I would like to seek help with regards to my Google Colaboratory Notebook. The error is located in fourth cell.
Context:
We're performing Web scraping BTC's Historical Data.
Here's my codes:
First cell (Executed successfully)
#importing libaries
from bs4 import BeautifulSoup
import requests
import pandas as pd
Second cell (Executed successfully)
#sample url
url = "https://www.bitrates.com/coin/BTC/historical-data/USD?period=allData&limit=500"
#request the page
page = requests.get(url)
#creating a soup object and the parser
soup = BeautifulSoup(page.text, 'lxml')
#creating a table body to pass on the soup to find the table
table_body = soup.find('table')
#creating an empty list to store information
row_data = []
#creating a table
for row in table_body.find_all('tr'):
col = row.find_all('td')
col = [ele.text.strip() for ele in col ] # stripping the whitespaces
row_data.append(col) #append the column
# extracting all data on table entries
df = pd.DataFrame(row_data)
df
Third cell (Executed successfully)
headers = []
for i in soup.find_all('th'):
col_name = i.text.strip().lower().replace(" ", "_")
headers.append(col_name)
headers
Fourth cell (Execution failed)
df = pd.DataFrame(row_data, columns=headers)
df
#into a file
df.to_csv('/content/file.csv')
AssertionError Traceback (most recent call last)
/usr/local/lib/python3.7/dist-packages/pandas/core/internals/construction.py in _list_to_arrays(data, columns, coerce_float, dtype)
563 try:
--> 564 columns = _validate_or_indexify_columns(content, columns)
565 result = _convert_object_array(content, dtype=dtype, coerce_float=coerce_float)
AssertionError: 13 columns passed, passed data had 7 columns
The above exception was the direct cause of the following exception:
ValueError Traceback (most recent call last)
/usr/local/lib/python3.7/dist-packages/pandas/core/internals/construction.py in _list_to_arrays(data, columns, coerce_float, dtype)

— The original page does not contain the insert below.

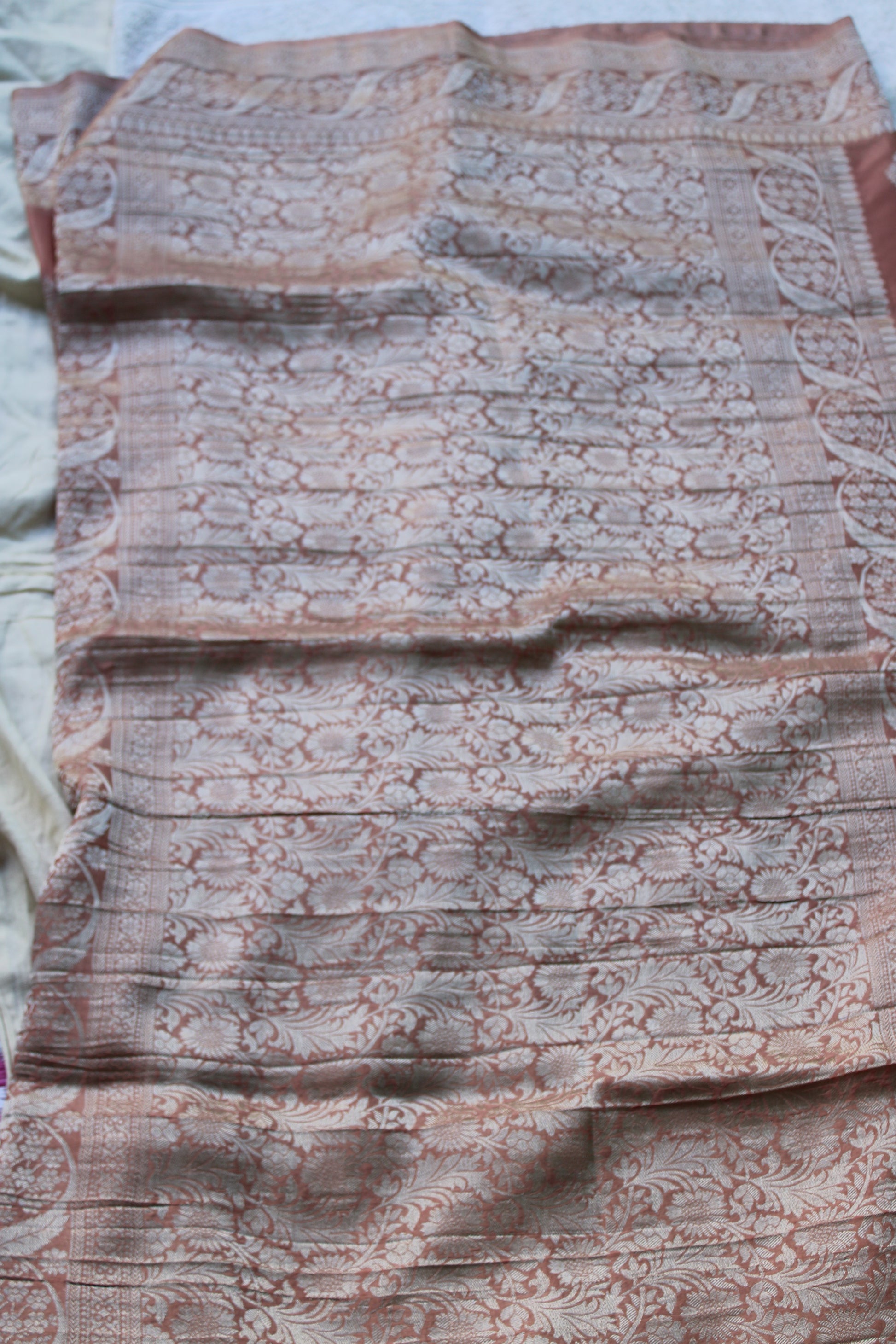 Peach Banarasi Mashru crape georgette Saree with flower design

565 result = _convert_object_array(content, dtype=dtype, coerce_float=coerce_float)
566 except AssertionError as e:
--> 567 raise ValueError(e) from e
568 return result, columns
569
ValueError: 13 columns passed, passed data had 7 columns
To load the table you can use simple pd.read_html()
. For example:
import pandas as pd
url = "https://www.bitrates.com/coin/BTC/historical-data/USD?period=allData&limit=500"
df = pd.read_html(url)[0]
print(df)
df.to_csv("data.csv")
Creates data.csv
(screenshot from LibreOffice):
To correct your example:
# importing libaries
from bs4 import BeautifulSoup
import requests
import pandas as pd
# sample url
url = "https://www.bitrates.com/coin/BTC/historical-data/USD?period=allData&limit=500"
# request the page
page = requests.get(url)
# creating a soup object and the parser
soup = BeautifulSoup(page.text, "lxml")
# creating a table body to pass on the soup to find the table
table_body = soup.find("table")
# creating an empty list to store information
row_data = []
# creating a table
for row in table_body.select("tr:has(td)"):
col = row.find_all("td")
col = [ele.text.strip() for ele in col] # stripping the whitespaces
row_data.append(col) # append the column
# extracting all data on table entries
df = pd.DataFrame(row_data)
headers = []
for i in table_body.select("th"):
col_name = i.text.strip().lower().replace(" ", "_")
headers.append(col_name)
df = pd.DataFrame(row_data, columns=headers)
print(df)
df.to_csv("/content/file.csv")